Carchedi feels that dwelling on the incident can lead to a romantic misreading of Pelecanos that confuses a dutiful, responsible family man with one of his own characters. "If you look at the stories written about George, they focus on the macho side, the tough side -- and he does have that side. He was on the streets; he was that kind of kid and young adult. But he's mellowed, and he's quicker to talk about family than about this other stuff. George is really focused on family, in his books and in his life. He's taken a path that a lot of guys in his position would not have taken.
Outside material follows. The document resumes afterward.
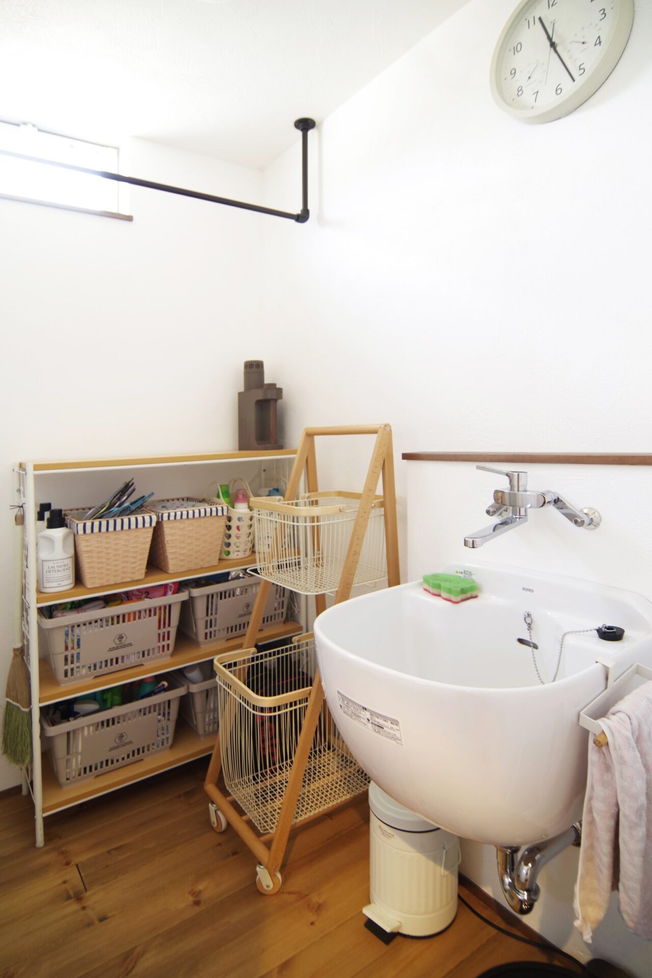 オリジナルのキッチン背面収納。置かれている小物もとてもおしゃれです。

I know for a fact that he's turned stuff down because he wanted to stay here with his family. He's flown high, but he could have flown even higher."

"MY WORLDVIEW CHANGED BECAUSE WE HAD CHILDREN," Pelecanos said. We were sitting in the den in his house, not far from the house in which he grew up. Books with his name on their spines lined two shelves. His wife, Emily, 50, and their kids -- Nick, 17, Peter, 15, and Rose, 11 -- came and went, attending to weekday evening business.

Pelecanos was talking about a turning point in his life, his experience in Brazil in 1993, when he and Emily went there to adopt Peter. (Nick and Peter are adopted from Brazil; Rose from Guatemala.) They had document problems and ended up spending the whole fall there. They were struck by the nakedness of the poverty and despair they saw. "You couldn't walk around at night; there were fences with nails in them around the houses, kids with murder in their eyes. Here it's more hidden. It radicalized me a little bit, and it made me want to reach a bit higher, like Steinbeck."

Thinking about the changes in his writing encouraged by fatherhood, he said: "The answer to 'What makes a good man?' has changed. Some of the men stop themselves. They're more in control of their impulses. And if they cross the line, they know they'll have to give up what they are."